* **ASSIGNMENT**: Every line from the one holding "3月25日,《光明日报》第0" through the one holding "как выглядит Barbour" in the data below must be returned exactly, both ends included, with pictures left out and nothing else added.

Records drawn from a dataset:
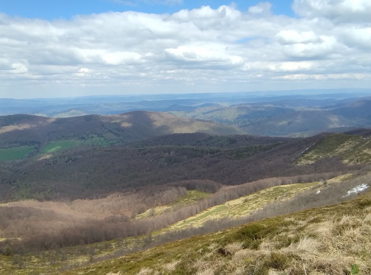 Na Połoninę Caryńską wybraliśmy się we wtorek koło południa, pogoda była piękna, trochę chmurek i słoneczko. Samochód zostawiliśmy na parkingu i zaopatrzenia w wodę i czekoladę pieliśmy się po stromym zboczu na szczyt. Zadyszka i brak tchu dawał znać że nasza kondycja była kiepska ale po kilu dłuższych postojach dotarliśmy do szczytu. Po upamiętnieniu tego faktu na zdjęciach zejście było o wiele lżejsze.
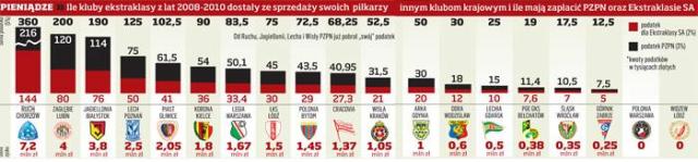 Nedan bild visar beskattningen av de polska klubbarna under 2008-2010. Röda fältet är skatten till Ekstraklasa S.A och det svarta till PZPN. Röda siffran längs ner visar den ackumulerade summan för intra-lige transfers 2008-2010. 1PLN ~ 2.25SEK
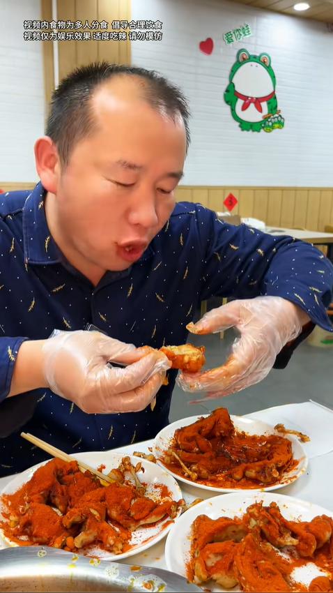劉金良沒有就此止步,又追加了幾只。他一邊吃一邊和食客互動,分享吃辣心得:“吃這種爆辣牛蛙,不能細品,要大口快速吃,搭配喝水緩解,越猶豫越覺得辣。” 有粉絲特意趕到現場,親眼見證他的挑戰過程,連連甘拜下風,直呼 “太厲害了,一般人一口就投降”。
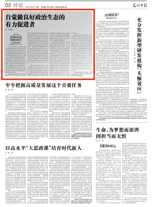 3月25日,《光明日报》第02版“光明论坛”栏目刊发了江苏省习近平新时代中国特色社会主义思想研究中心葡京8883官网入口基地研究员王晓庆的理论文章《自觉做良好政治生态的有力促进者》,现将全文转发如下:
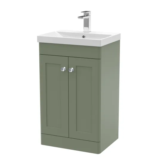Nuie Classique 500mm Satin Green Floor Standing 2 Door Vanity Unit with 1 Tap Hole Basin
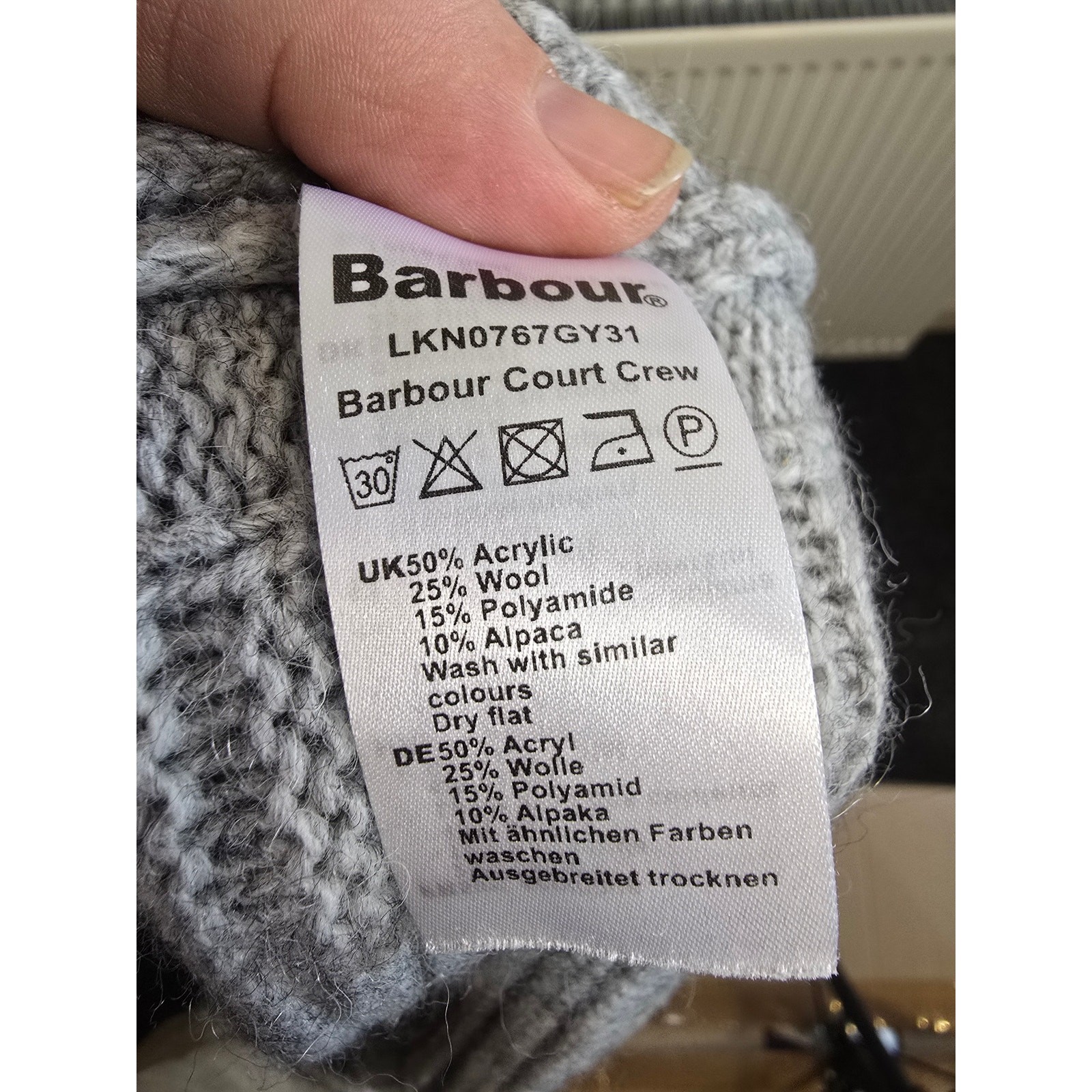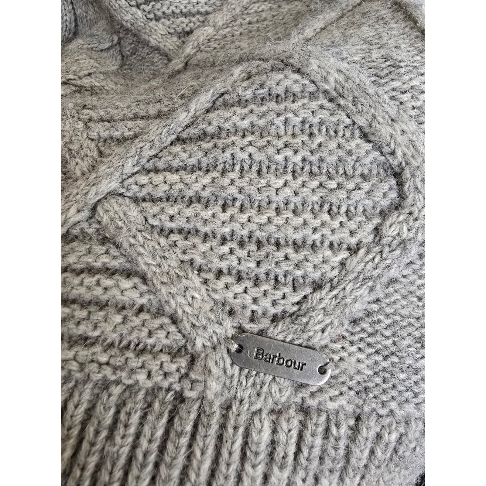 как выглядит Barbour Court Crew Grey Cable Knit Wool Alpaca Blend Sweater Size UK 10 фото
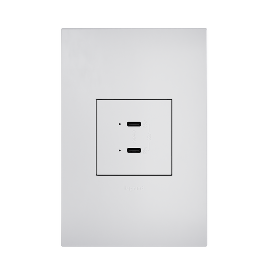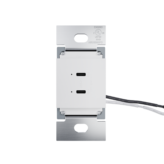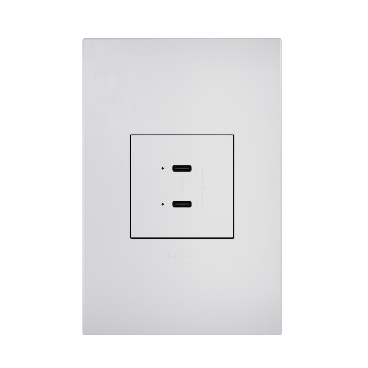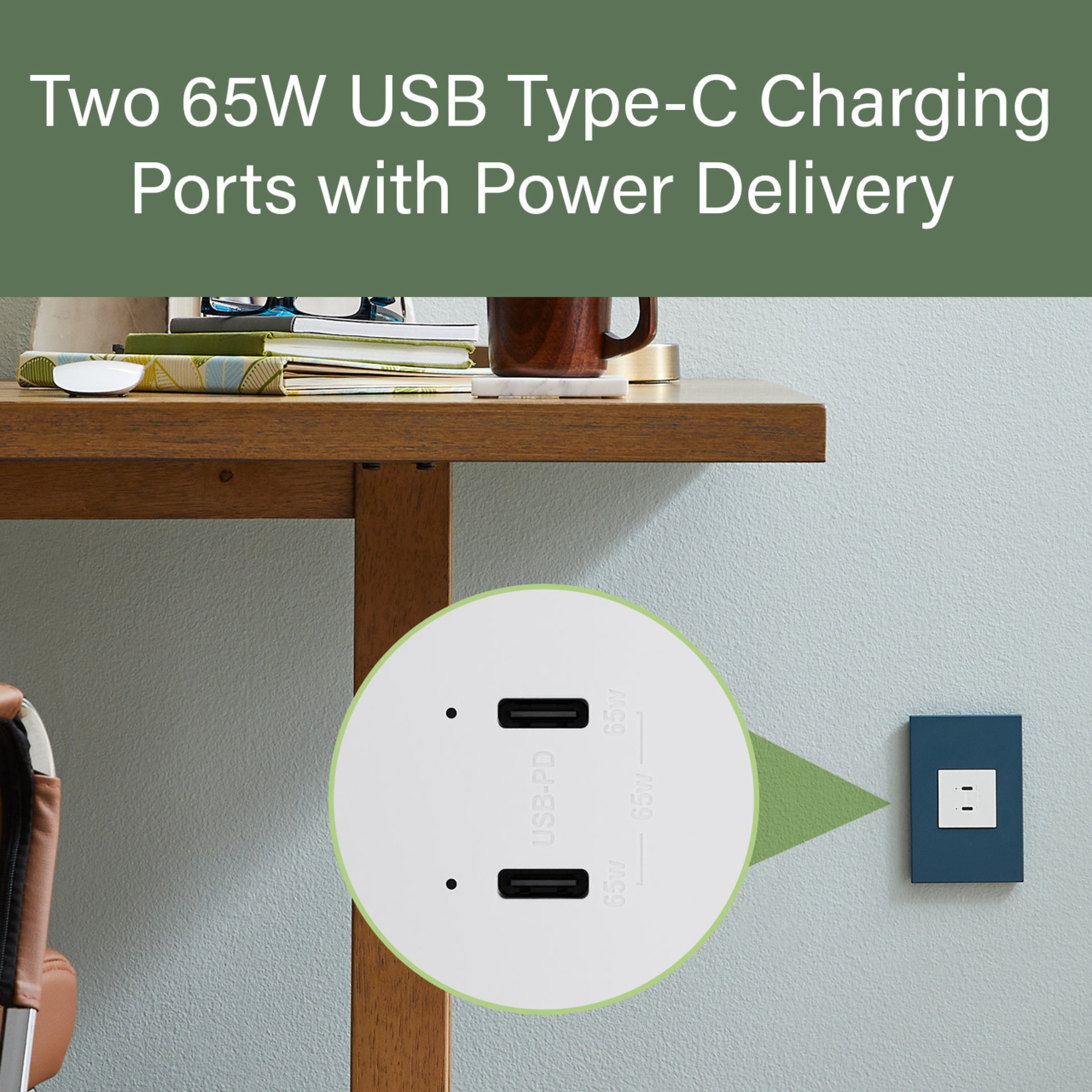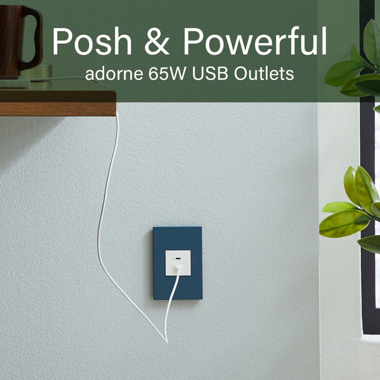 Featuring two USB Type-C ports with industry-leading 65W of power each, this device provides the fastest USB charging for phones, tablets and laptops. Advanced Power Delivery provides intelligent charging that negotiates optimal voltage and current between the outlet and the device being charged. Easily replaces a traditional outlet in as little as ten minutes. Enjoy USB charging functionality in every room of your home with the unique adorne contemporary aesthetic. Made exclusively for use with screwless wall plates from the adorne® Collection, sold separately.

* **ANSWER BOX**:
 3月25日,《光明日报》第02版“光明论坛”栏目刊发了江苏省习近平新时代中国特色社会主义思想研究中心葡京8883官网入口基地研究员王晓庆的理论文章《自觉做良好政治生态的有力促进者》,现将全文转发如下:
Nuie Classique 500mm Satin Green Floor Standing 2 Door Vanity Unit with 1 Tap Hole Basin
 как выглядит Barbour Court Crew Grey Cable Knit Wool Alpaca Blend Sweater Size UK 10 фото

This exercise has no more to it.